YOUR GOAL
Only the lines from the one containing "For many years, the" through the end of the listing are to be repeated, exactly and without pictures.
----------
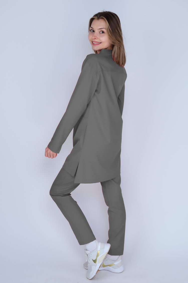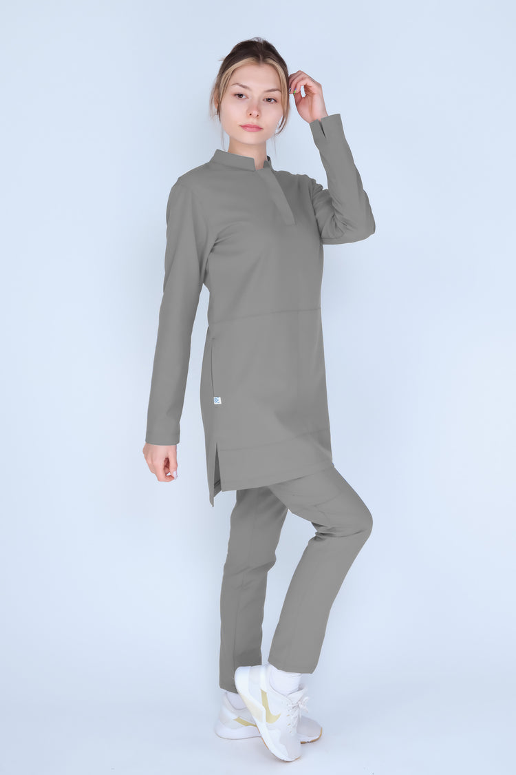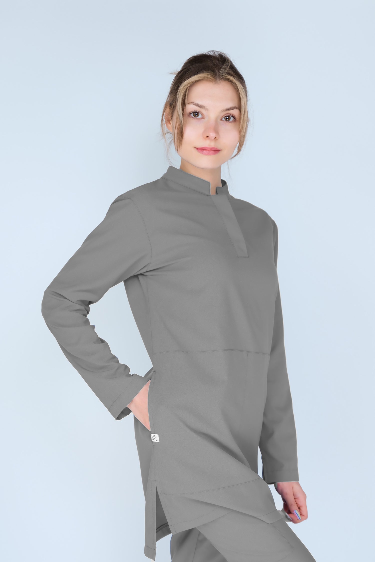 Primus Macropus Outlet - Antrasit Tesettür Hakim Yaka Kanguru Cepli Kadın Tek Üst Üniforma
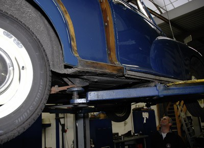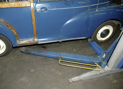 von 16: Aufnahme eines Morris Minor Traveller mit hinterem Karosserieaufbau in Holz. Zunächst werden die Tragarme in Ausgangsposition gebracht.
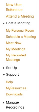 - You can click the “My Personal Room” tab on the left to start a meeting that will always be available at the URL https://purdue.webex.com/YOUR_USERNAME. Anytime you join, this meeting will become active for others.
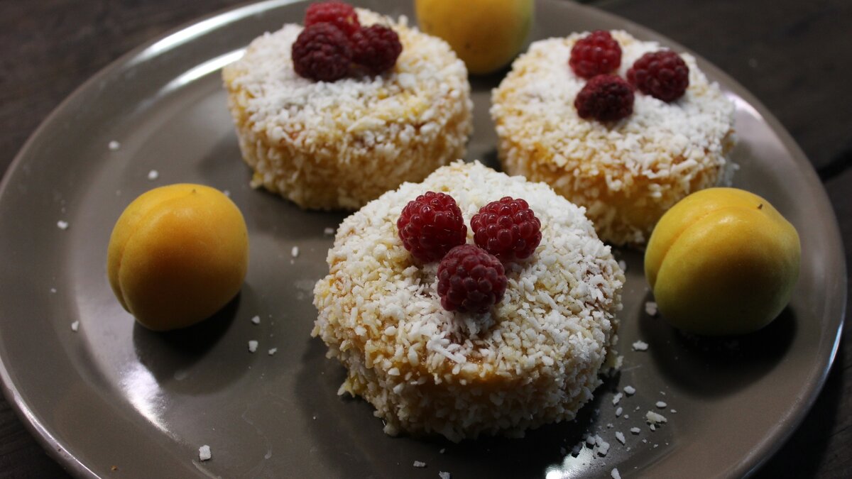 Приготовим пирожное из абрикосов в кокосовой стружке . Пирожное получается влажным. Не сухим. С ярко выраженным вкусом абрикоса. С кокосовой стружкой и малиной. Очень вкусно! Ингредиенты 250 гр муки 250 гр сахара 200 гр абрикосов 150 гр йогурта абрикосового 100 гр слив. масла 50 гр растительного масла 30 гр кукурузного крахмала 3 яйца + 1 желток 12 гр разрыхлителя 10 гр ванилина Абрикосовый джем. Кокосовая стружка . Отделяем белки от желтков и взбиваем в стойкую пену В желтки добавляем сахар и взбиваем до бела Смешиваем белки и желтки осторожно перемешиваем и добавим абрикосы Выливаем смесь в форму для запекания .На дно формы кладём или бумагу для выпечки или коврик Ставим в разогретую духовку 180 градусов на 30 мин. Смотрите по своей духовке Затем надо его остудить. Я положила в пакет и в морозилку на 20 минут. Вырезаем формочкой пирожные Сделаем абрикосовое пюре. Перебиваем абрикосы блендером с сахаром и варим 5 минут остужаем. на 200 гр абрикосов 50 гр сахара Смазываем пи
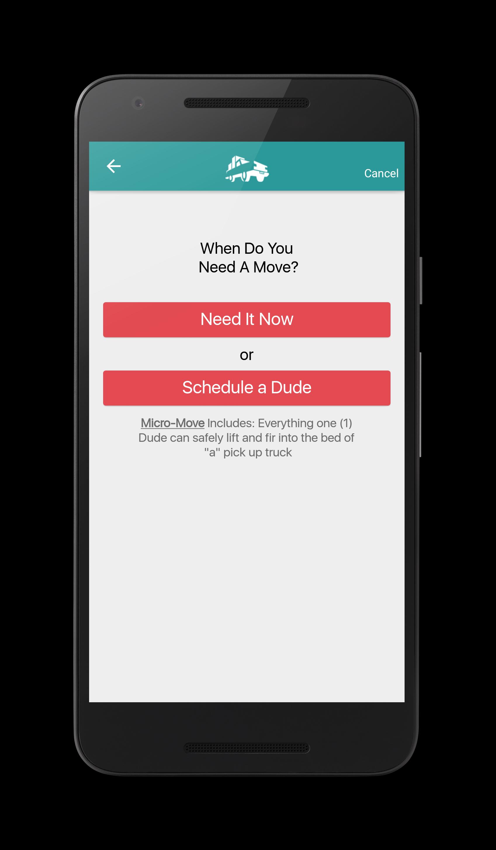 Your DUDE usually arrives at the designated pickup location 15-45 minutes after your request. Your DUDE can meet you at your home, local hardware store, garage sale, or place of business.
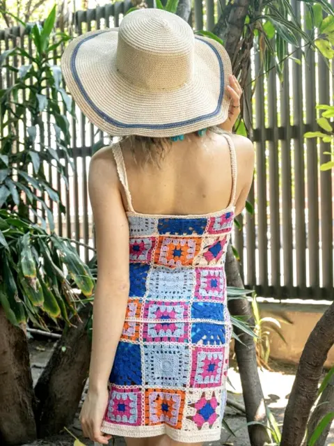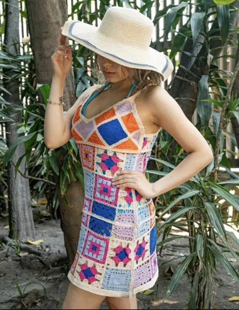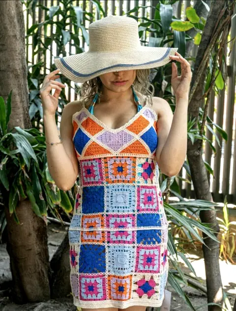 Hermoso vestido de salida de playa, tipo tejido para darle un toque único.Es unitalla, es decir para todas las tallas.
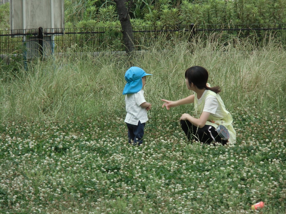 お友達と走り回ったり、お砂場遊びの合間には「白つめ草でかんむりを作ったり」「紫かたばみの花の蜜が甘かったり」「山ももの赤い実がすっぱかったり」「三つ葉草のひっぱり相撲をしたり」「草笛を鳴らしてみたり」を経験します。
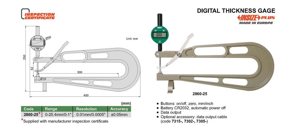 INSIZE 2860-25 Digital Thickness Gage (0-25.4mm/0-1", ±0.05mm, 0.01mm/0.0005") | EMIN.CO.TH
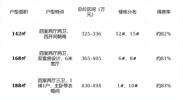 ✅ 温馨提示 :188㎡1梯1户户型为稀缺资源,剩余房源以中高楼层为主,建议优先锁定南向、低楼层户型。
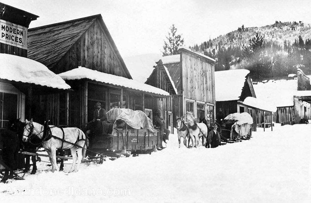 For many years, the only means of transporting equipment and supplies to Atlanta was via horse-drawn wagon from Rocky Bar over a mountain pass 7,800 feet high. In the winter, operators switched to horse-drawn freight wagon.
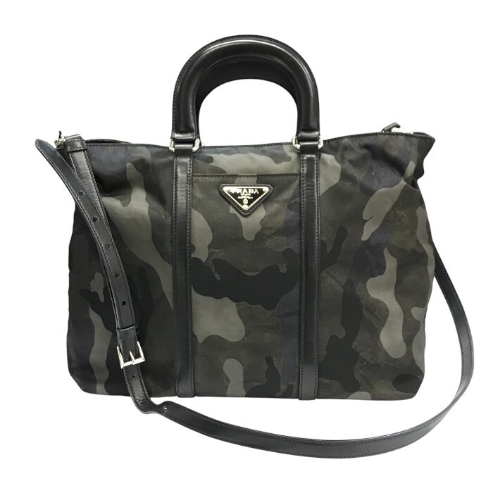 - PRADA プラダ ハンドバッグ レディース 2way ショルダー カモフラージュ 迷彩柄 ナイロン カーキグリーン 中古 T1
----------
THE COMPLETED TASK
 For many years, the only means of transporting equipment and supplies to Atlanta was via horse-drawn wagon from Rocky Bar over a mountain pass 7,800 feet high. In the winter, operators switched to horse-drawn freight wagon.
 - PRADA プラダ ハンドバッグ レディース 2way ショルダー カモフラージュ 迷彩柄 ナイロン カーキグリーン 中古 T1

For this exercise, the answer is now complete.